**SOURCE DATA**
+++++

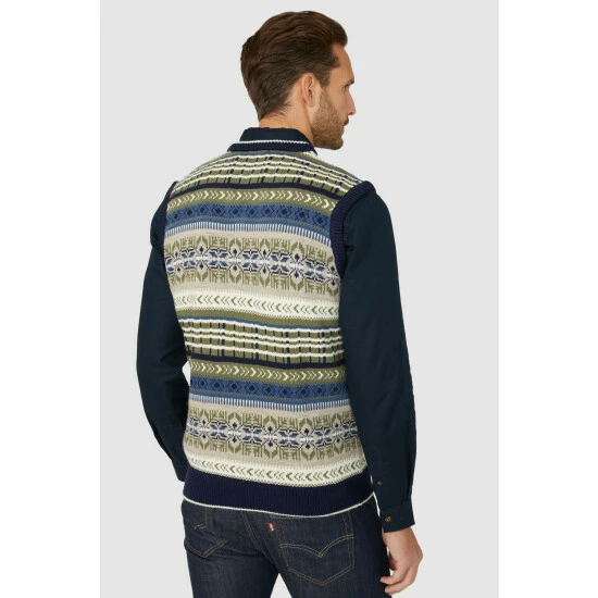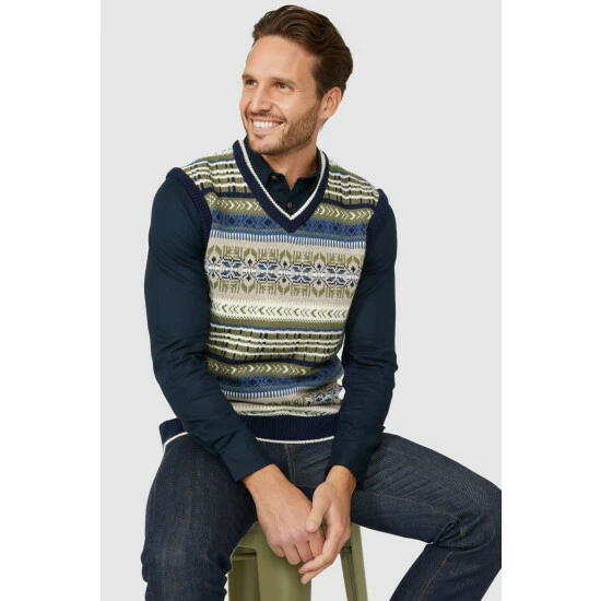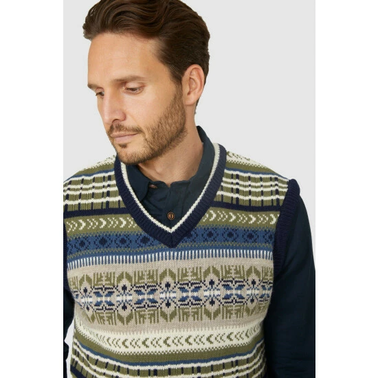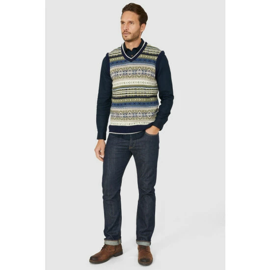 Fairisle Tank Jumper from Mantaray. Crafted from super-soft fabrics and smart in design, look to this fairisle tank jumper this season. Boasting sleeves arms, a V cut neckline, fairisle print detailing and a tailored cut finish for the perfect warm fit. Made from 100% Acrylic. Wash 40. Model wears a Size M.
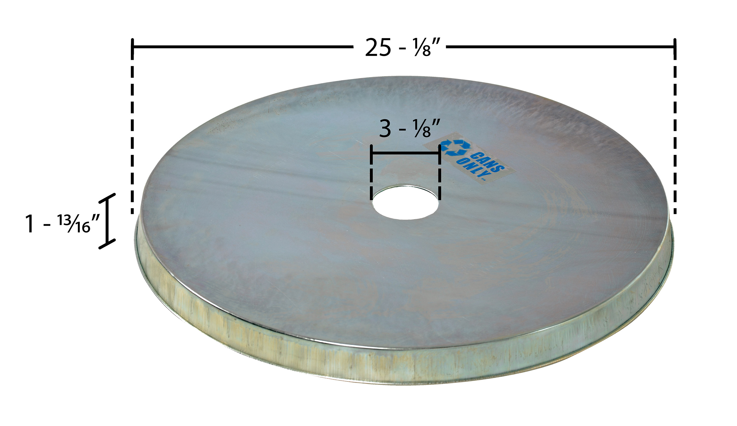 Galvanized Open Head Drum Cover Disposal Hole SilverThis Galvanized steel drum cover is for a fifty-five (55) gallon open head (tight head) drum. Manufactured from galvanized steel. Cover drum tops for added protection. Perimeter rim is beaded for safety. Recycling top includes a "cans only" decal.
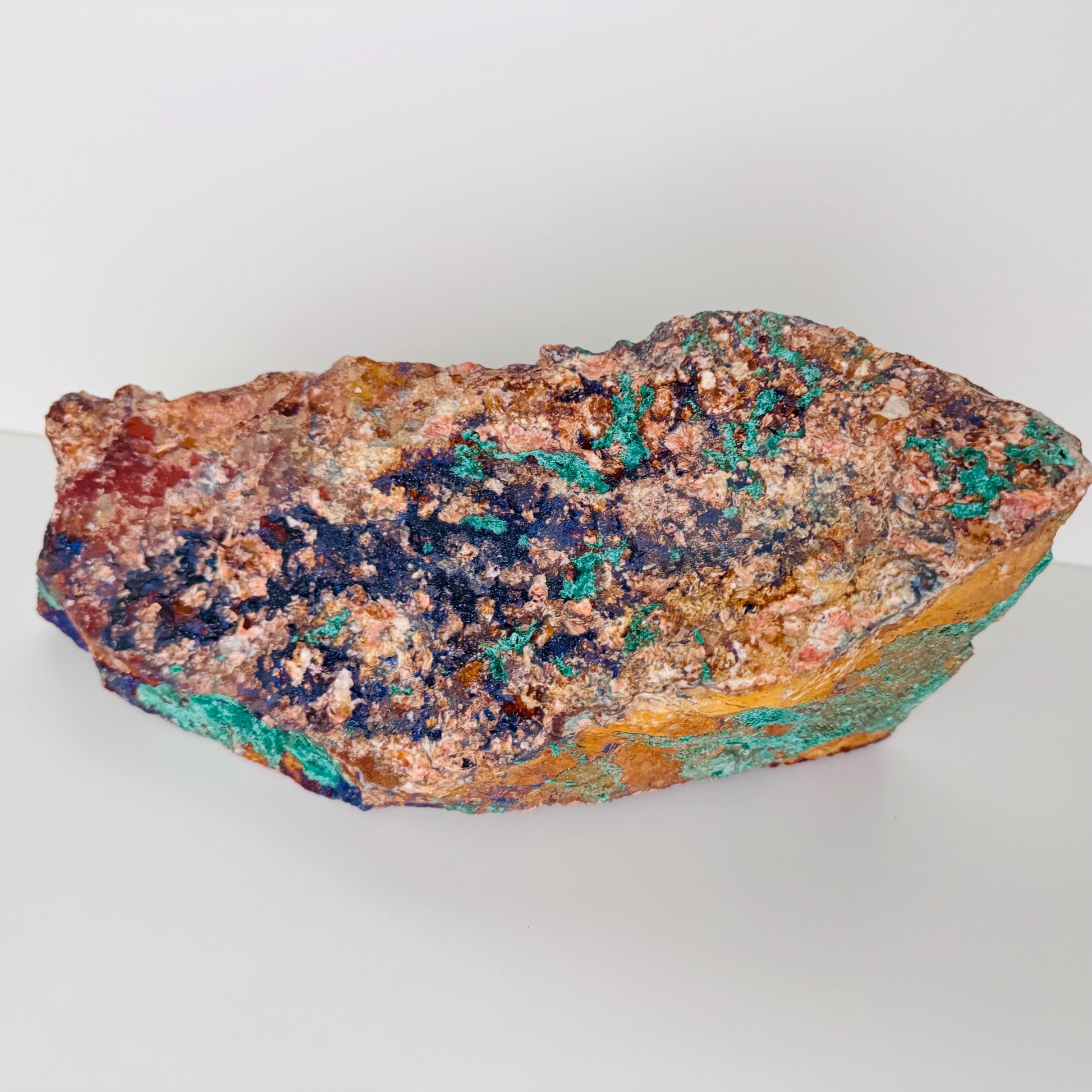 These are rough, unpolished specimens which may include Malachite, Azurite, Quartz and Dolomite on matrix. Sizes vary, see description.

+++++

**WHAT IS REQUIRED**
What is needed is the data above, retyped exactly, with every picture left out.

**RESPONSE BOX**
 Fairisle Tank Jumper from Mantaray. Crafted from super-soft fabrics and smart in design, look to this fairisle tank jumper this season. Boasting sleeves arms, a V cut neckline, fairisle print detailing and a tailored cut finish for the perfect warm fit. Made from 100% Acrylic. Wash 40. Model wears a Size M.
 Galvanized Open Head Drum Cover Disposal Hole SilverThis Galvanized steel drum cover is for a fifty-five (55) gallon open head (tight head) drum. Manufactured from galvanized steel. Cover drum tops for added protection. Perimeter rim is beaded for safety. Recycling top includes a "cans only" decal.
 These are rough, unpolished specimens which may include Malachite, Azurite, Quartz and Dolomite on matrix. Sizes vary, see description.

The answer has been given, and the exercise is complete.